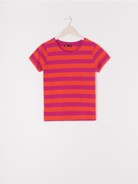 Sinsay – Bawełniana koszulka w paski – różowy –
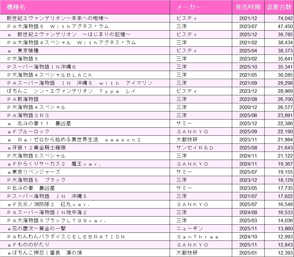 パチンコ機種別設置台数ランキング
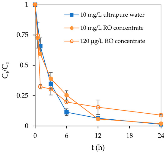 The TiO2 photocatalysis could be inhibited via the scavenger effect by coexisting ions [10,38,39,40]. The ions Cl− and HCO3− have been found to inhibit photocatalysis through the hydroxyl radical and valence band hole scavenging [10,40]. Rioja et al., reported a marked deactivation effect caused by added salts for two tested acidic drugs [41]. Furthermore, Tokumura et al., suggested that coexisting matter could mitigate the generation of hydroxyl radicals through direct reactions with holes in the valence band and electrons in the conduction band of the photocatalyst [37]. As reported by Song et al., Cl− can cause agglomeration of TiO2 particles in a slurry by suppressing the stabilizing effect of electrostatic repulsion, reducing the effective contact surface between the photocatalyst and the pollutants [42]. In this research, the TiO2/zeolite composite sheet was used instead of TiO2 powder. Therefore, even if the RO concentrate contained 316 mg/L Cl− (Table 1), agglomeration of TiO2 and its associated issues should be eliminated. However, the mechanism for this should be investigated in future research.
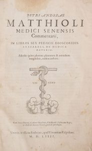 [MATTHIOLE] - PetriAndreae Matthioli medici senensis commentarii in libros sex pedacii discoridis anazarbei, de medica materia, Adiectis quam plurimis plantarum & animalium imaginibus, eodem authore. Venetiis, in officina Erasmiana apud...
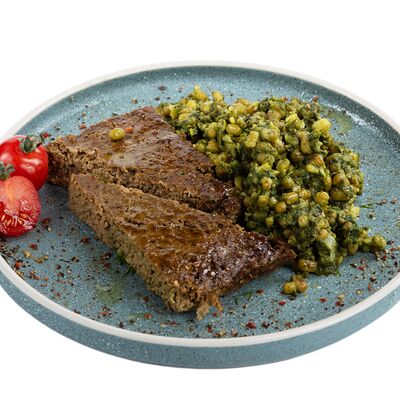 Треска (филе), кабачки, баклажаны, нут, лук репчатый, перец болгарский, капуста белокочанная, зеленый горошек, томатная паста, чеснок, зелень (укроп, петрушка, кинза), масло оливковое, яйцо, масло гхи (топленое), мука льняная, мука нутовая, соль, специи. Правильное низкокалорийное питание. Замороженный продукт. Способ приготовления: разогреть в микроволновой печи 5-6 минут
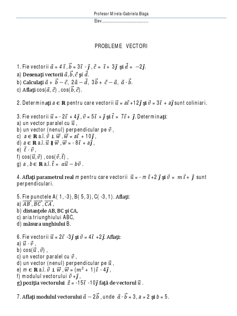 2. Determinai a pentru care vectorii u =at +12 i : =3t +a sunt coliniari.
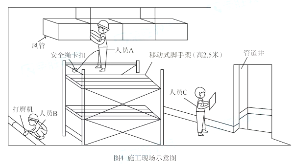 1、作业人员A安全绳低挂高用,安全带采用三点式;作业人员B未佩戴安全防护面罩,打磨机线路从脚下穿过存在触电和绊倒隐患;作业人员C未佩戴安全帽;管道井口未设置防护栏杆。
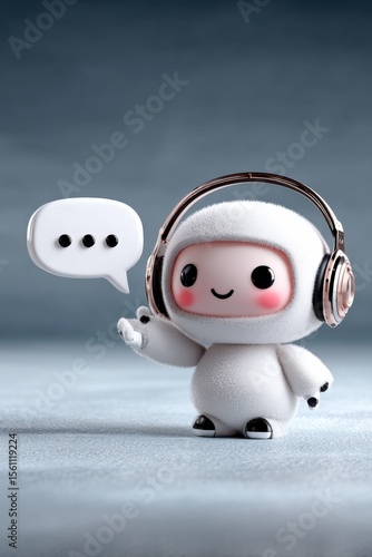 Obraz premium Cute White Robot Character Wea Headphones Standing on Surface with Speech Bubble in Studio Light Visual Style for Technology Concepts and Future Automation Themes
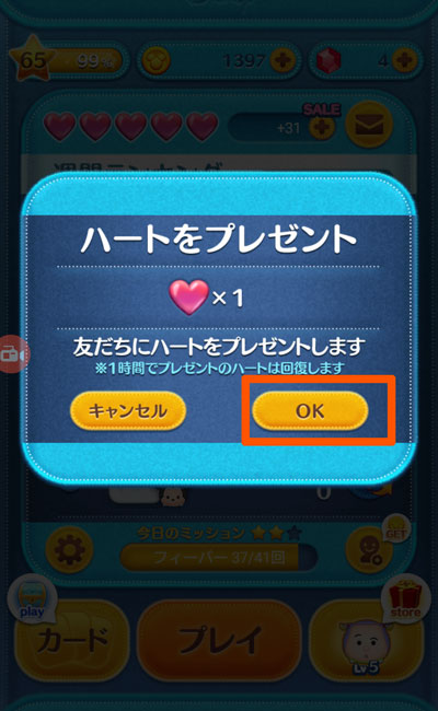 「ハートのアイコン」をタップすると、このような確認画面が表示されます。「OK」をタップすると、選択した友だちに「ハート」が送られます。 「ハート」を送られた友だちが「ハート」を受け取ったり、友だちが「ハート」を送ってくれると、「ハート」が届きます。 友だちに「ハート」を送って、どんどんプレイしていきましょう!
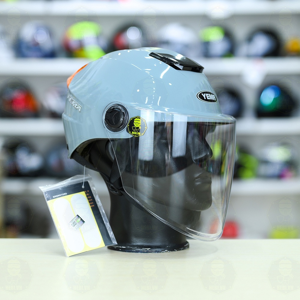 - Mũ bảo hiểm nửa đầu Yema còn được trang bị kính che tiện lợi, giúp che chắn tốt hơn cho đôi mắt của bạn trong các chuyến đi. Không chỉ vậy, mũ bảo hiểm nửa đầu Yema còn độ bảo vệ tối ưu, giúp bảo vệ đầu của bạn khi tham gia giao thông.
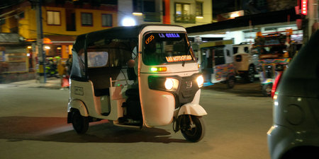 tuk tuk speeding at night in Guatape, Colombia
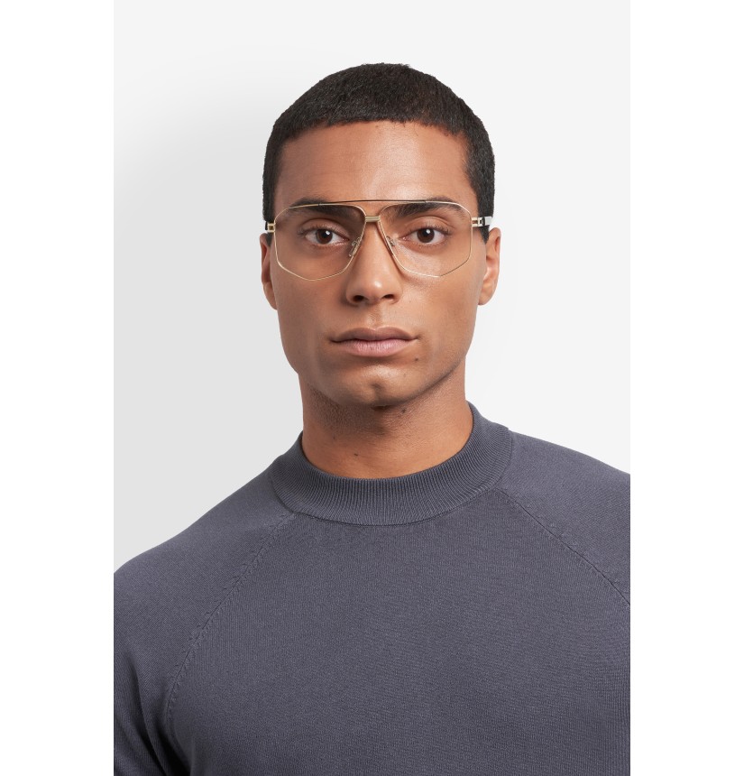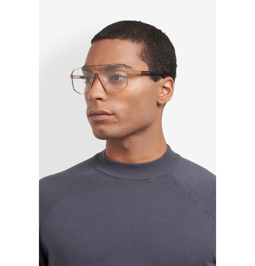 Designed to make a striking statement, Marc Jacobs' Premium men's eyewear collection showcases fine materials and distinctive detailing. Offering a distinctive shape in titanium – prized for its lightness and durability – these optical glasses present a bold sense of style that's so quintessentially Marc Jacobs. They are detailed with an aviator-inspired double bridge, open temple, and a subtle inlet logo on the long acetate tips, reinforcing the brand's legacy of fashion-forward designs.
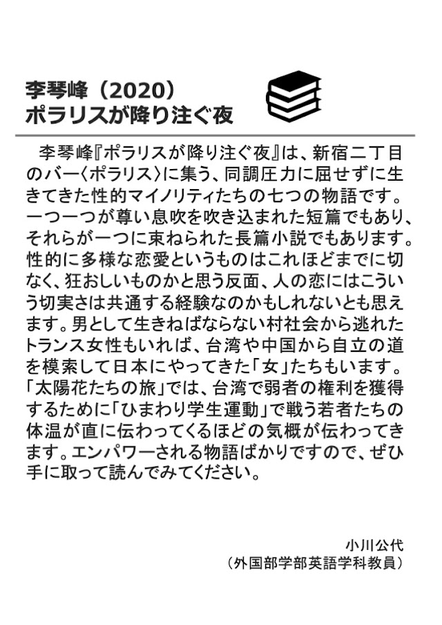 | ポラリスが降り注ぐ夜 | 李琴峰 | 筑摩書房 | 2020 | ||
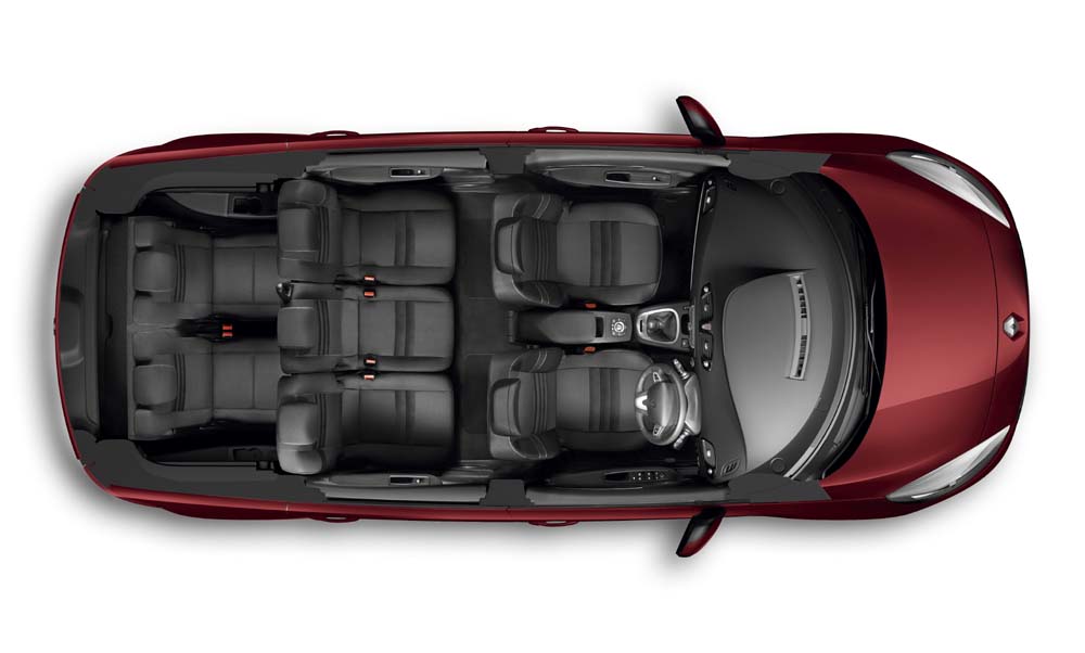 Scénic nabízí modularitu díky sklopení druhé řady sedadel a předního sedadla spolujezdce. Odebráním sedadel druhé řady (Scénic) nebo třetí řady (Grand Scénic) lze získat větší objem nákladového prostoru. Po odebrání sedadel druhé řady přesahuje objem nákladového prostoru 2000 l.
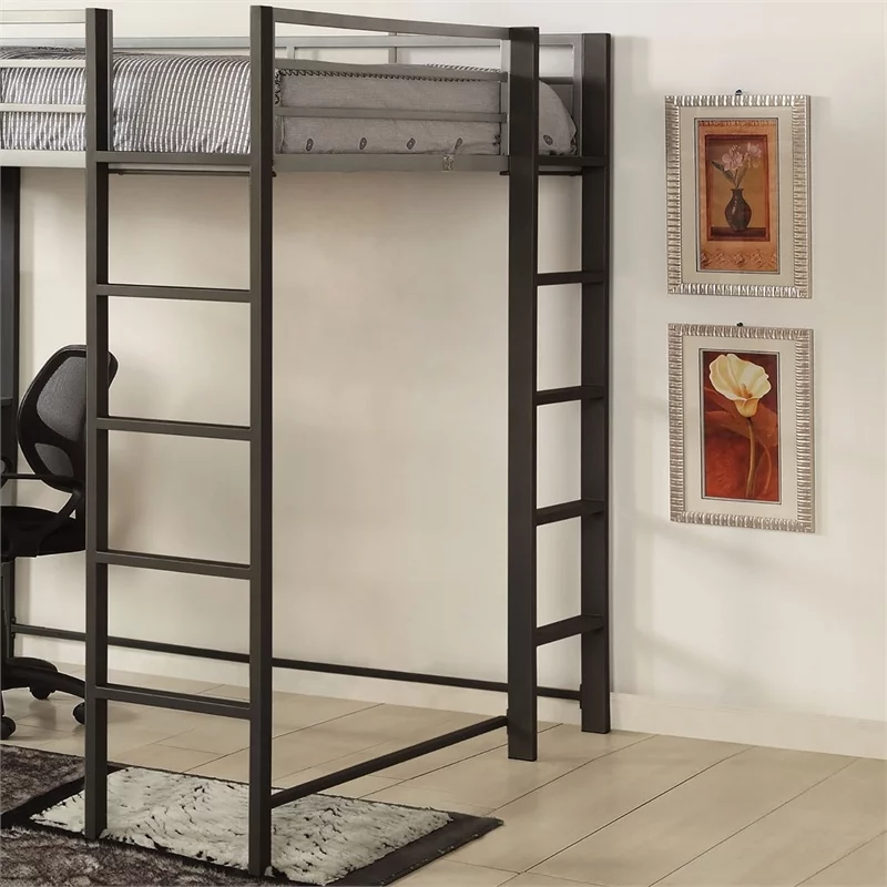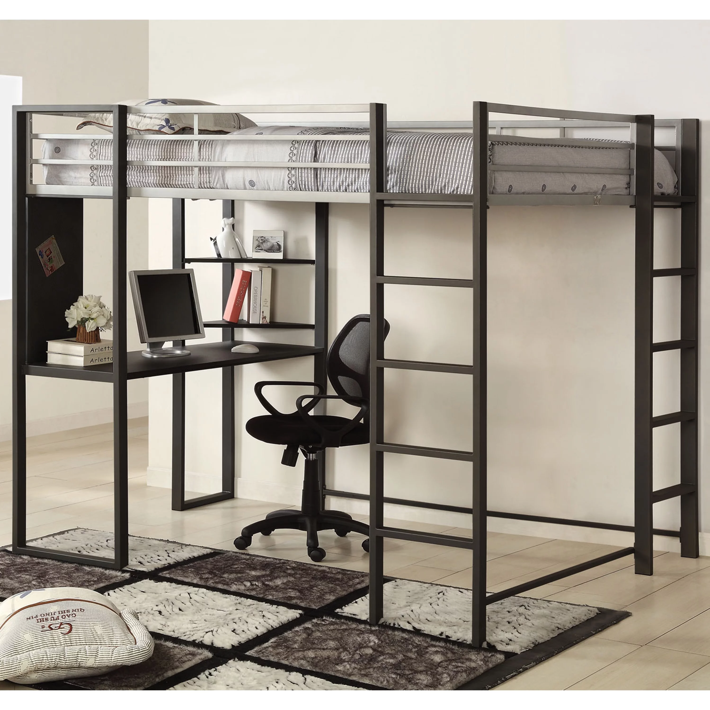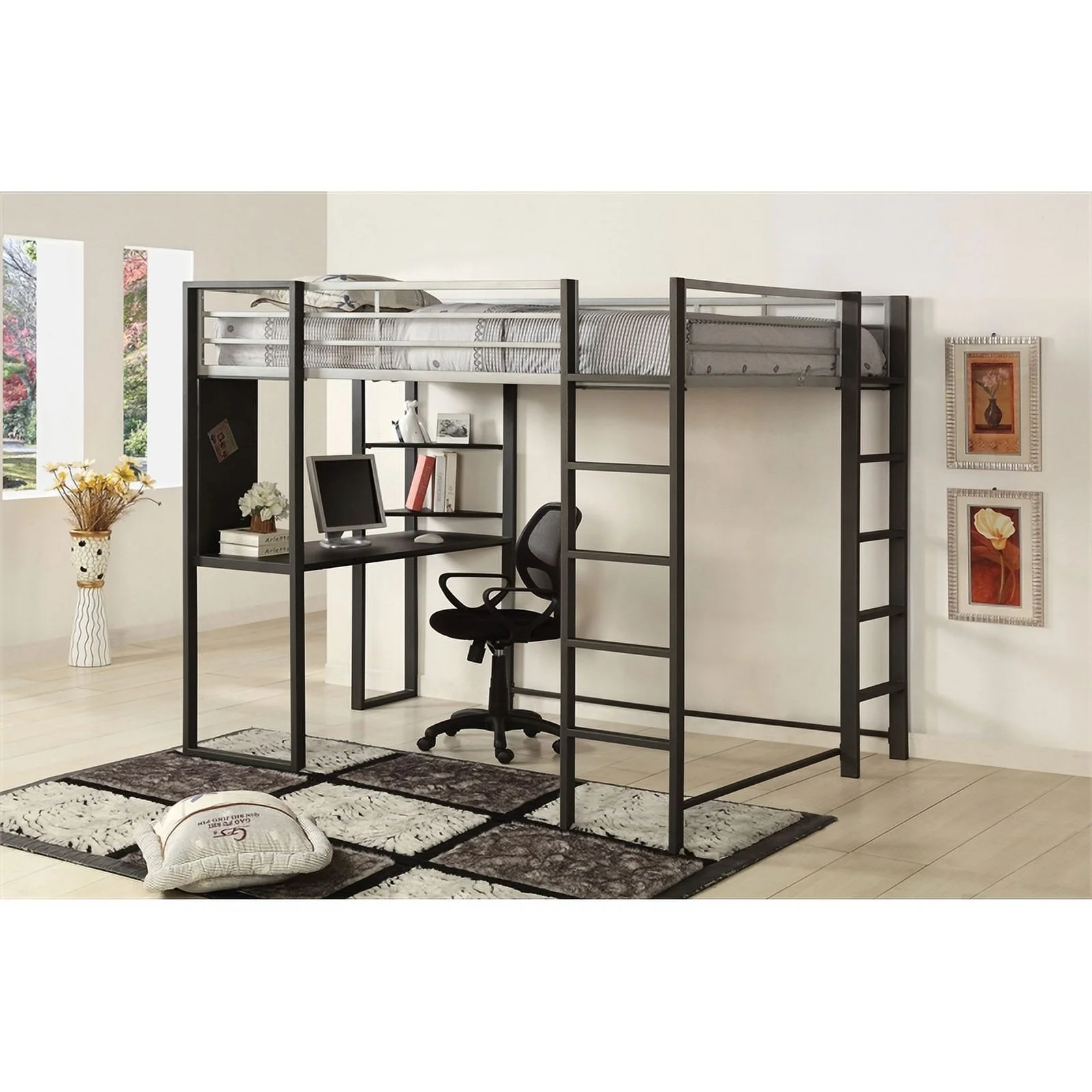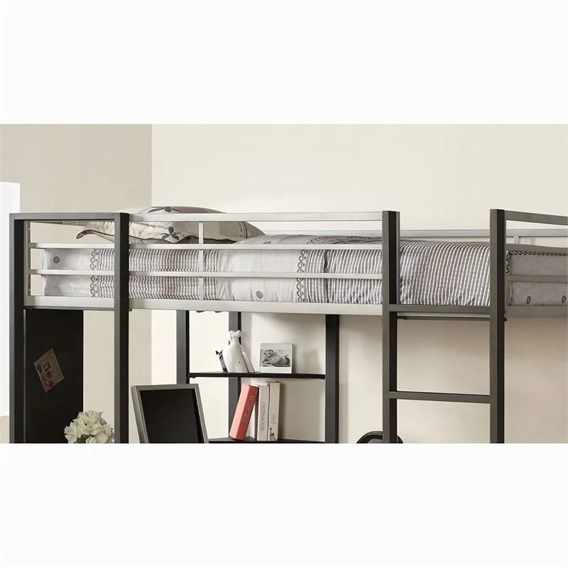 Roseberry Kids Contemporary Metal Full Loft Bed with Workstation in Silver
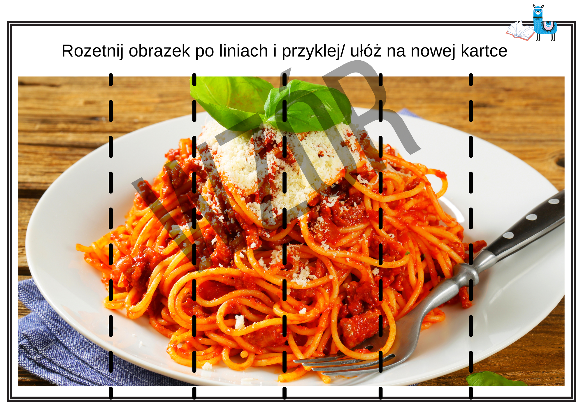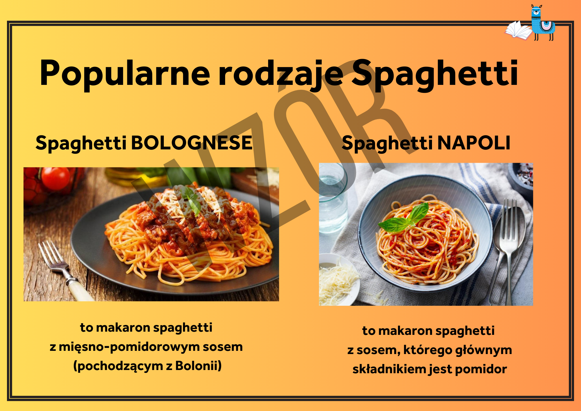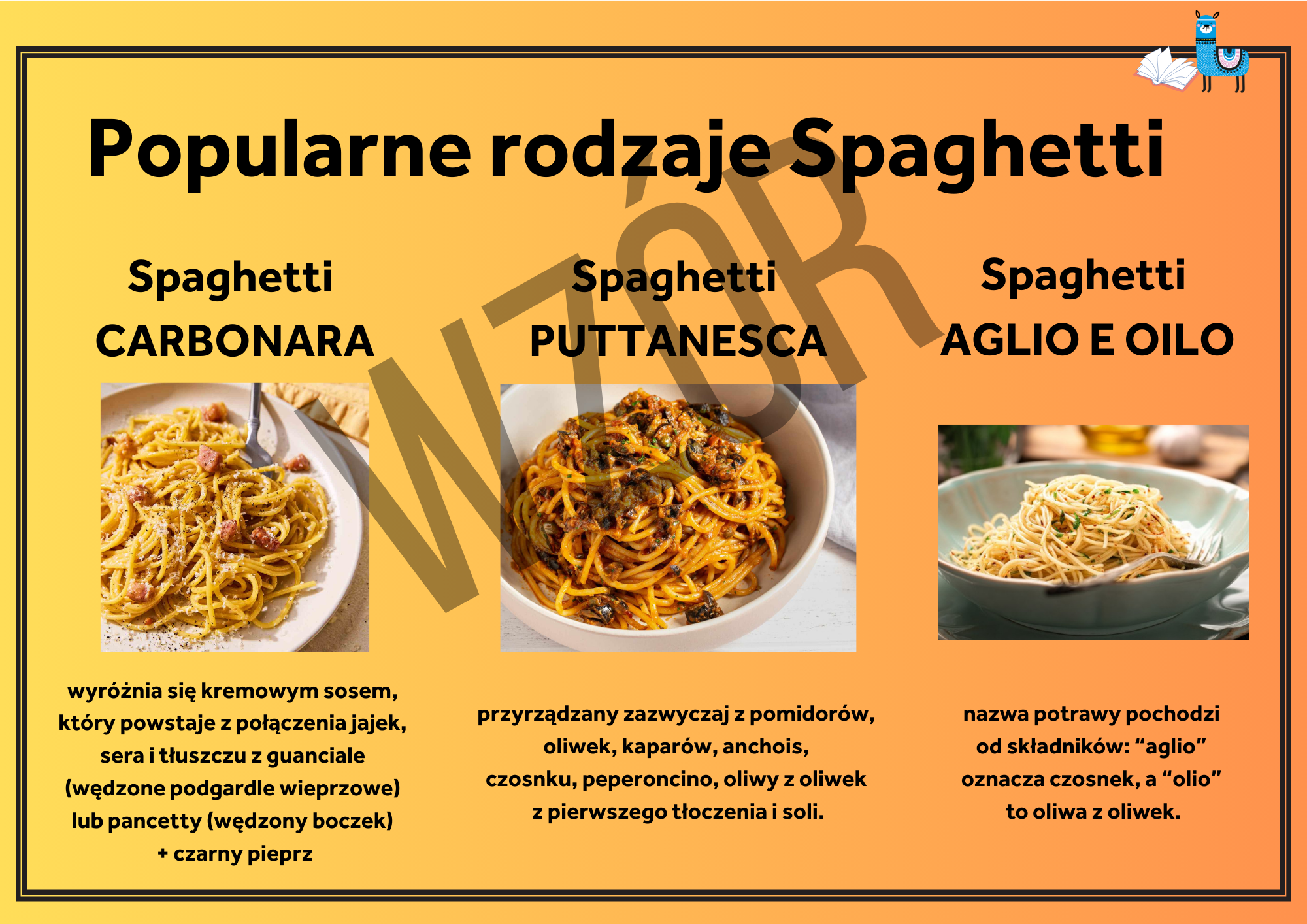 • karty pokazowe (pochodzenie i rodzaje spaghetti) x 4
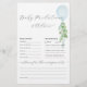 Adicione um toque de diversão e capricho ao seu chá de fraldas com nossas Predicações de Bebê e Jogo de Chá de fraldas de Conselhos! Este encantador jogo convida seus convidados a compartilhar suas previsões e conselhos para os novos pais, criando uma experiência sentida e memorável para todos os envolvidos. O jogo é fácil de jogar e oferece uma oportunidade maravilhosa para seus convidados se conectarem e compartilharem a alegria desta ocasião especial. Itens correspondentes disponíveis. Consulte a coleção de cheios aqui: https://www.zazzle.com/collections/blue_watercolor_balloon_collection-119437678416600977
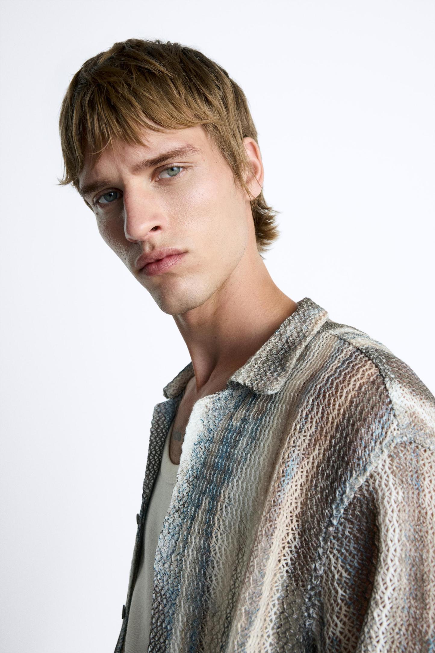 ABSTRACT PRINT OPEN WORK SHIRT

**Activity**:
In the listing above, find the line holding "2. Determinai a" and the line holding "1、作业人员A安全绳低挂高用". Reproduce those two lines and all between them exactly, leaving out pictures.

**Problem solution**:
 2. Determinai a pentru care vectorii u =at +12 i : =3t +a sunt coliniari.
 1、作业人员A安全绳低挂高用,安全带采用三点式;作业人员B未佩戴安全防护面罩,打磨机线路从脚下穿过存在触电和绊倒隐患;作业人员C未佩戴安全帽;管道井口未设置防护栏杆。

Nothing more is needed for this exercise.